_PROBLEM TO WORK ON:_
Transcribe only what runs from the line containing "Посетители открытой площадки" through the final line below, exactly, and leave every picture out.

================

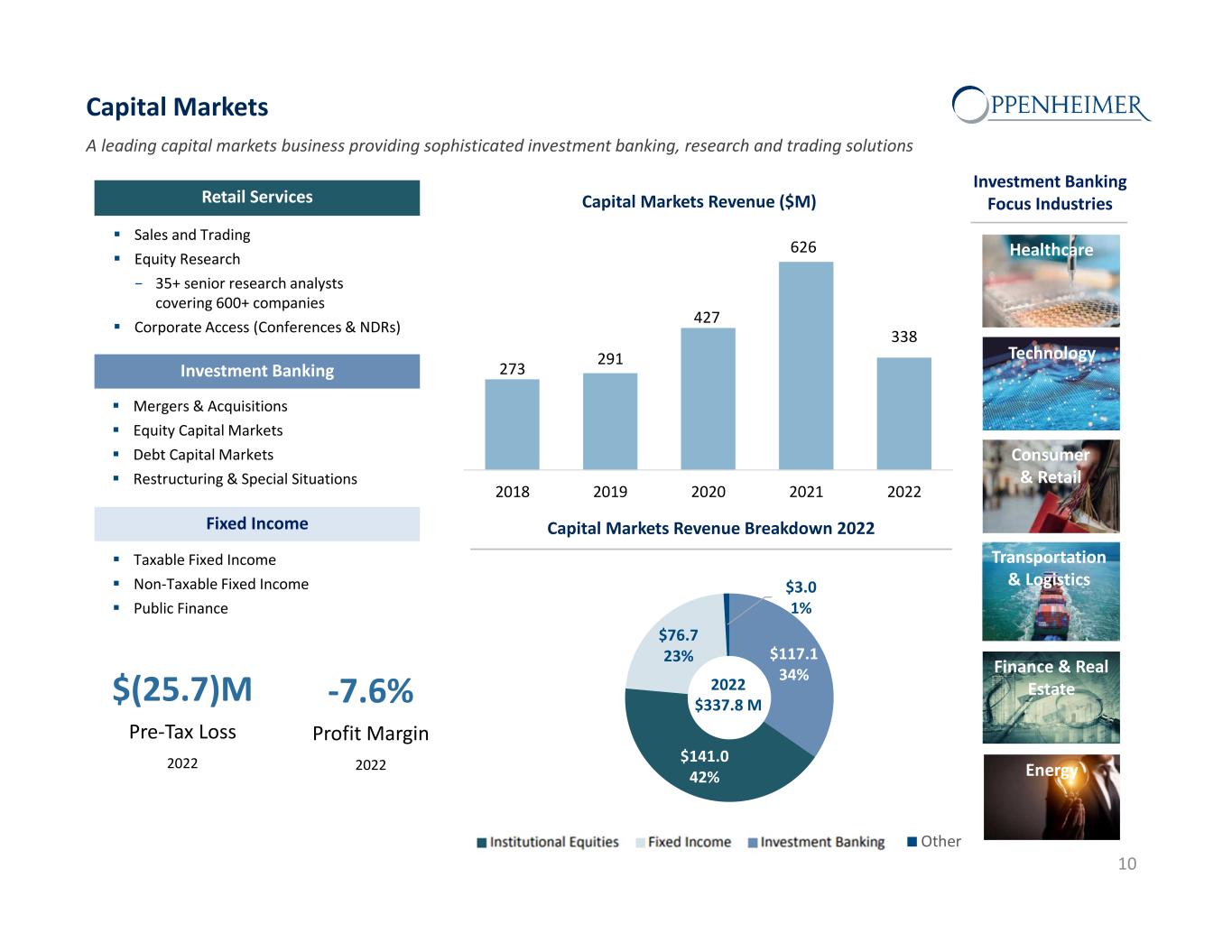 Wealth Management* Well recognized brand and one of the few independent, non-bank broker-dealers with full service capabilities Retail Services  Full-Service Brokerage  Financial Planning, Retirement Services, Corporate & Executive Services & Trust Services  Margin & Securities Lending Advisory Services  Investment Policy Design & Implementation  Asset Allocation & Portfolio Construction  Research, Diligence & Manager Selection  Portfolio Monitoring & Reporting Retail Investments  Hedge Funds & Fund-of-Funds  Private Equity  Private Market Opportunity (Qualified Investors only) to source investments across the private markets continuum Wealth Management Revenue ($M) Pre-Tax Income ($M) and Pre-Tax Margin (%) 968 Financial Advisors At 12/31/22 $105B Assets under Administration At 12/31/22 $36.8B Assets under Management At 12/31/22 ↓5.7% Advisory Fees 2022 vs 2021 * Wealth Management includes both Private Client and Asset Management business segments. 9 168 196 194 137 178 24% 26% 25% 18% 23% 0% 5% 10% 15% 20% 25% 30% $0 $50 $100 $150 $200 $250 2018 2019 2020 2021 2022 690 742 772 770 775 2018 2019 2020 2021 2022
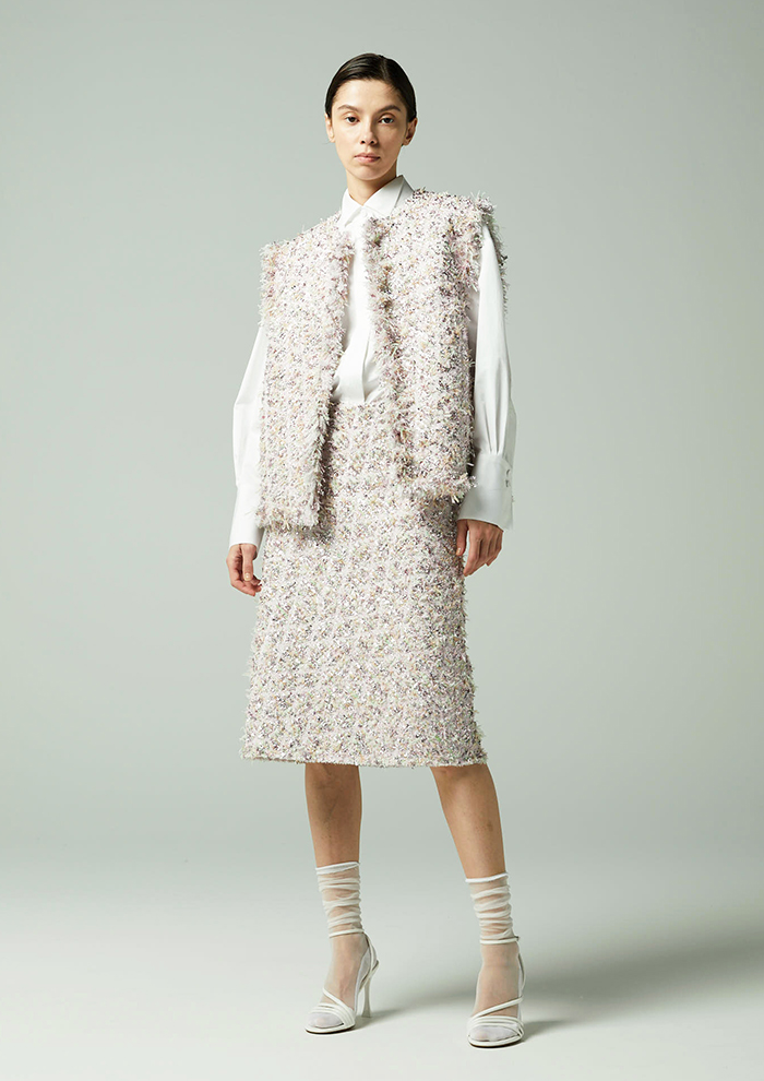「こちらは、ツイードジレとスカートをセットアップで楽しむスタイリング。ツイードの美しさと華やかさがより際立ちます。インナーには旬のウィングカラーシャツを合わせ、シーズンムードを更新。特別な日の装いとしても頼れる、品のある着こなしです」。
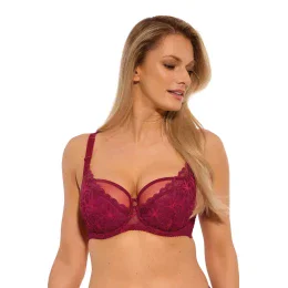 Biustonosz GAIA na duży biust to doskonałe połączenie elegancji i niezawodnego wsparcia, zaprojektowany z myślą o kobietach poszukujących wygody i pięknego wyglądu. Półusztywniane miseczki, wykonane z mocnej, transparentnej siateczki i ozdobione koronką w głębokim kolorze malinowym, nadają mu subtelnej zmysłowości. Górna listwa wykończona delikatną taśmą dodaje biustonoszowi klasy i lekkości. Solidna konstrukcja z bocznymi fiszbinami wspiera i stabilizuje biust, zapewniając komfort i pewność siebie przez cały dzień. Biustonosz GAIA to synonim stylu, wygody i perfekcyjnego dopasowania – spełni oczekiwania kobiet ceniących jakość i wyjątkowy design.
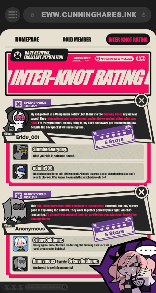 Here are the latest Cunning Hares "website" images. The main page is the initial ad highlighting how the urban investigation team can handle all sorts of jobs at "fair prices." The second image reviews from past customers. One has a comment from "CrispyCabbage," who appears to be the member Anby, praising Nicole before being called out for commenting on that while being logged in. The third page has stylized portraits of all four members of the team.
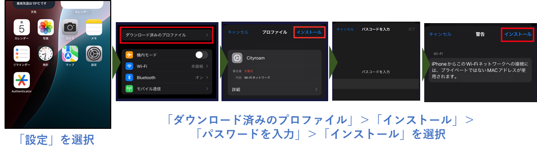 - Select ‘Downloaded Profile’ → ’Install’ → Enter your password → Select ’Install’.
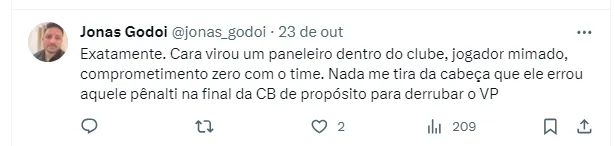 Houve ainda quem afirmou que Fagner errou o pênalti da final da Copa do Brasil contra o Flamengo, no ano passado, de propósito: “Virou um paneleiro dentro do clube, jogador mimado, comprometimento zero com o time. Nada me tira da cabeça que ele errou aquele pênalti na final da Copa do Brasil de propósito para derrubar o VP”, afirmou. Outro internauta foi na mesma linha: “Pra mim, é a cara desse Corinthians, sem compromisso, nem aí pra torcida”, completou
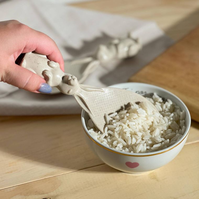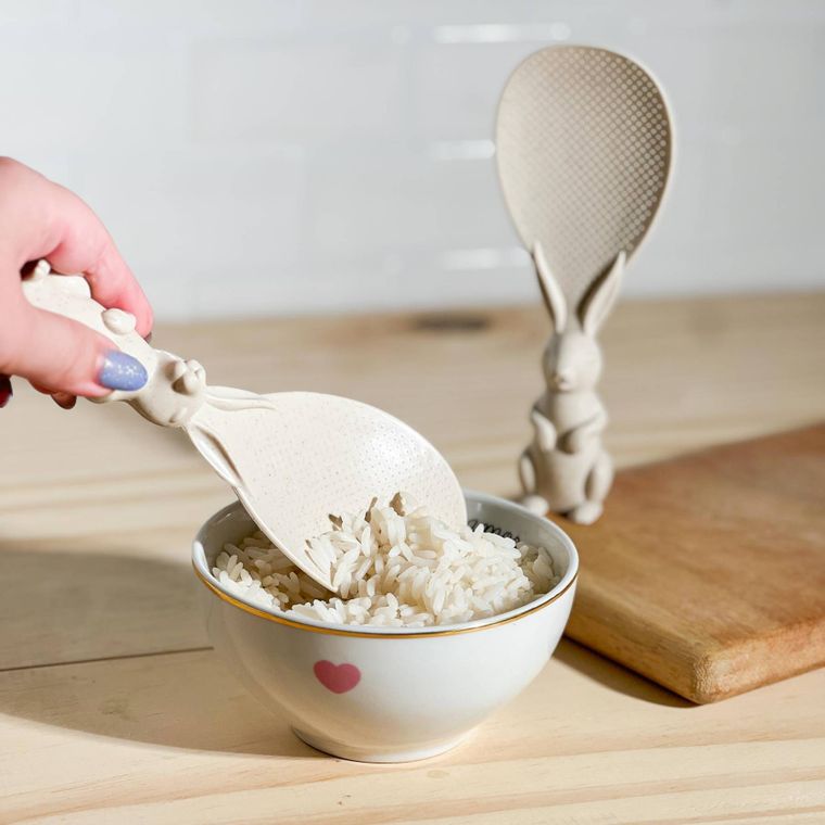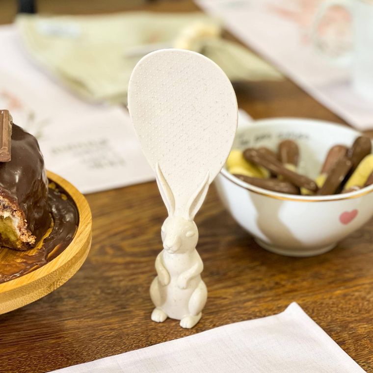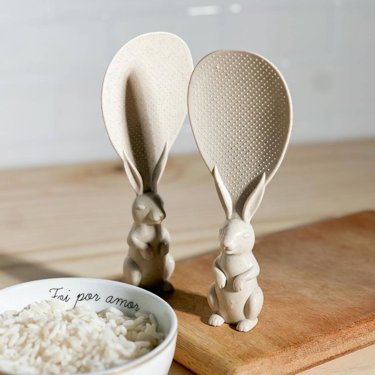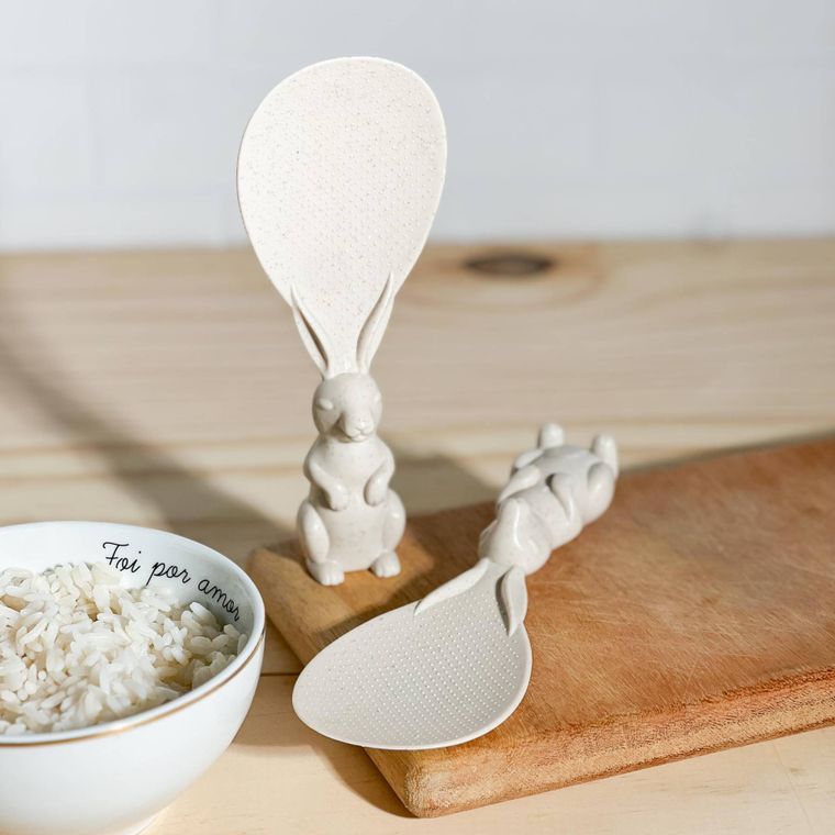 A Colher Coelho veio para acrescentar um toque de criatividade a sua mesa, podendo ser usada para servir diversas comidas. Ela possui uma superfície texturizada que ajuda a impedir que os alimentos grudem, facilitando na hora da limpeza. Além de ter um ótimo tamanho para servir alimentos como arroz, farofa, sobremesas etc. Ela também fica linda para utilizar como decoração porque seu cabo permite que ela fique em pé em mesas e bancadas.
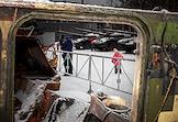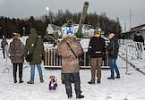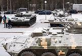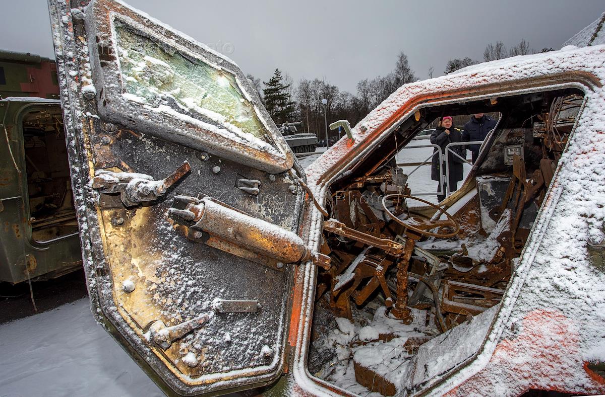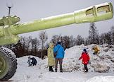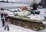 Посетители открытой площадки музея-заповедника "Прорыв блокады Ленинграда". Танки - музейные экспонаты на территории музея-заповедника в Кировском городском поселении.
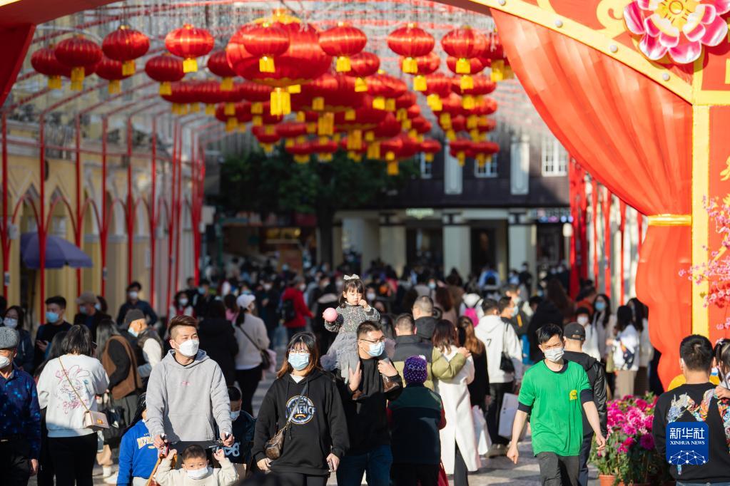 1月18日,游客在澳門(mén)市中心議事亭前地游覽。
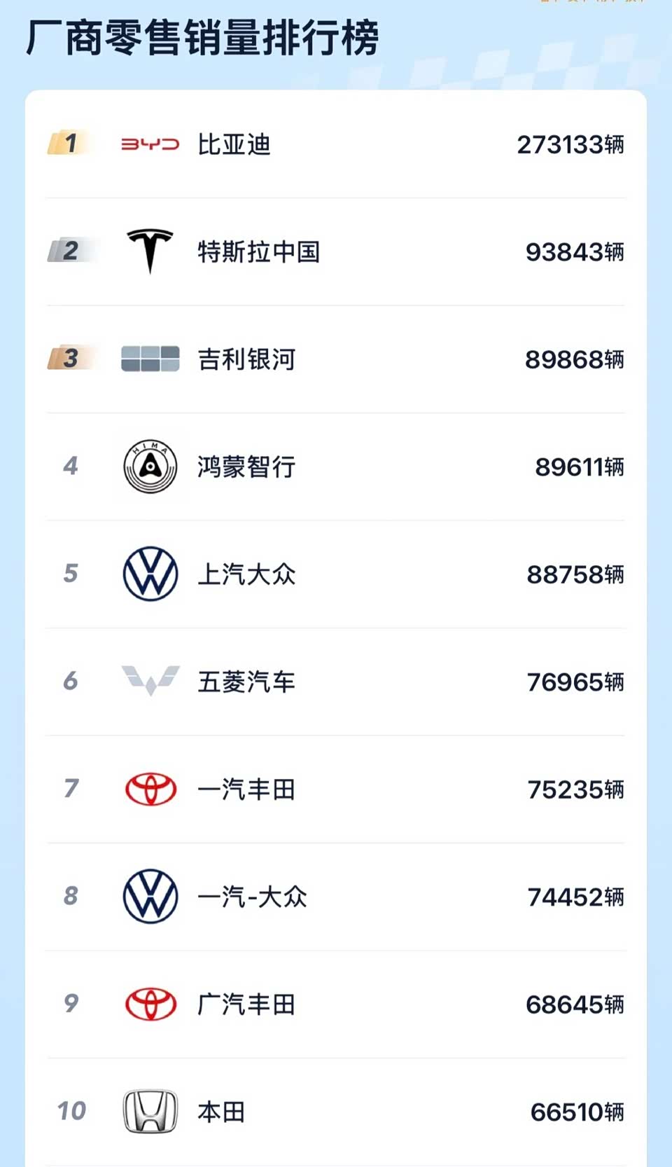 2025年12月厂商零售销量排行榜,比亚迪、大众、丰田排名前三,比亚迪销量超27万,大众销量超16万,丰田超14万。特斯拉、吉利银河、鸿蒙智行排在4-6位,五菱汽车、本田、奥迪、问界均进入前10,奇瑞、长安、吉利汽车、小米汽车、日产销量均超5万,但未能进入前10。

================

_REPLY:_
 Посетители открытой площадки музея-заповедника "Прорыв блокады Ленинграда". Танки - музейные экспонаты на территории музея-заповедника в Кировском городском поселении.
 1月18日,游客在澳門(mén)市中心議事亭前地游覽。
 2025年12月厂商零售销量排行榜,比亚迪、大众、丰田排名前三,比亚迪销量超27万,大众销量超16万,丰田超14万。特斯拉、吉利银河、鸿蒙智行排在4-6位,五菱汽车、本田、奥迪、问界均进入前10,奇瑞、长安、吉利汽车、小米汽车、日产销量均超5万,但未能进入前10。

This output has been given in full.